[Required work] The entries that follow must be given again exactly, with the pictures excluded.

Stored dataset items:

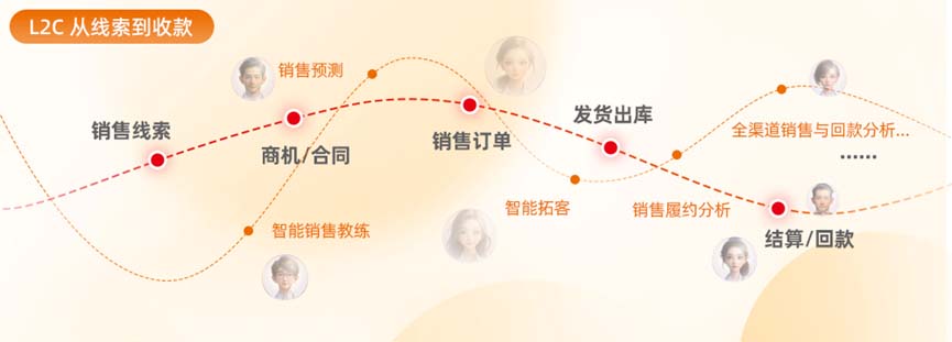 L2C线索到收款:通过从线索、商机、合同、订单履约到收入闭环管理,将碎片化环节整合为连贯价值链,提升销售转化率、提升客户体验、驱动营收增长。以赋能企业销售团队,协同内外勤部门,外部赋能渠道伙伴和客户自助为目标,提供从简单销售模式到多板块、多销售模式的集团企业直分销融合一站式解决方案。
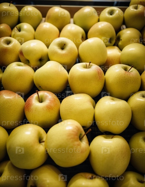Красочный ассортимент желтых яблок аккуратно расположен на стойке супермаркета, приглашая клиентов исследовать и выбирать свежие фрукты
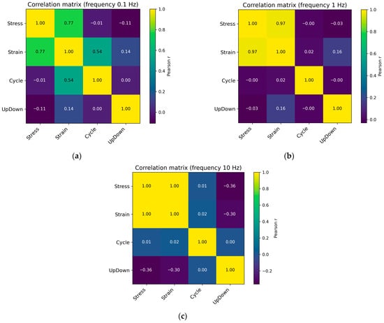Pearson correlation coefficient matrix for cyclic loading with a frequency of 0.1 Hz (a), 1 Hz (b), and 10 Hz (c).
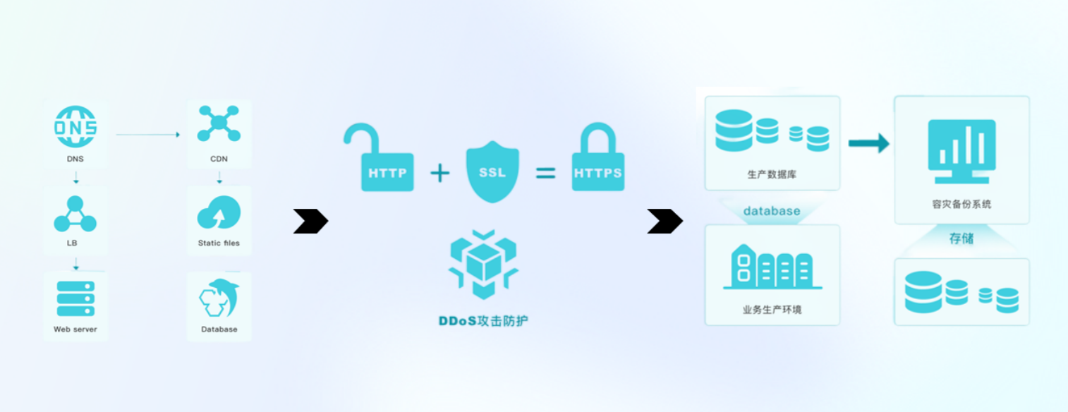 独立服务器,独立存储空间,权威安全认证与成熟的信息安全管理体系,HTTPS加密通讯,三层备份保障,为企业筑起安全、稳定的网络屏障。
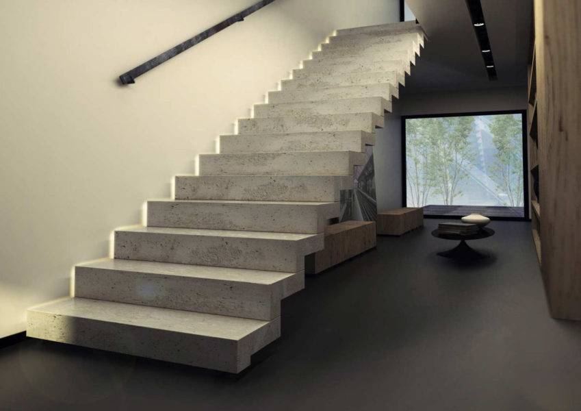 Бетонная лестница отличается долговечностью, устойчивостью к перепадам температур. В процессе эксплуатации изделие не подвержено деформации, отсутствуют скрипы. Уход за поверхностями несложен, лестницу просто мыть. Однако строительство бетонной лестницы следует планировать заранее. Нужно предусмотреть более усиленный фундамент.

[Task solution]
 L2C线索到收款:通过从线索、商机、合同、订单履约到收入闭环管理,将碎片化环节整合为连贯价值链,提升销售转化率、提升客户体验、驱动营收增长。以赋能企业销售团队,协同内外勤部门,外部赋能渠道伙伴和客户自助为目标,提供从简单销售模式到多板块、多销售模式的集团企业直分销融合一站式解决方案。
Красочный ассортимент желтых яблок аккуратно расположен на стойке супермаркета, приглашая клиентов исследовать и выбирать свежие фрукты
Pearson correlation coefficient matrix for cyclic loading with a frequency of 0.1 Hz (a), 1 Hz (b), and 10 Hz (c).
 独立服务器,独立存储空间,权威安全认证与成熟的信息安全管理体系,HTTPS加密通讯,三层备份保障,为企业筑起安全、稳定的网络屏障。
 Бетонная лестница отличается долговечностью, устойчивостью к перепадам температур. В процессе эксплуатации изделие не подвержено деформации, отсутствуют скрипы. Уход за поверхностями несложен, лестницу просто мыть. Однако строительство бетонной лестницы следует планировать заранее. Нужно предусмотреть более усиленный фундамент.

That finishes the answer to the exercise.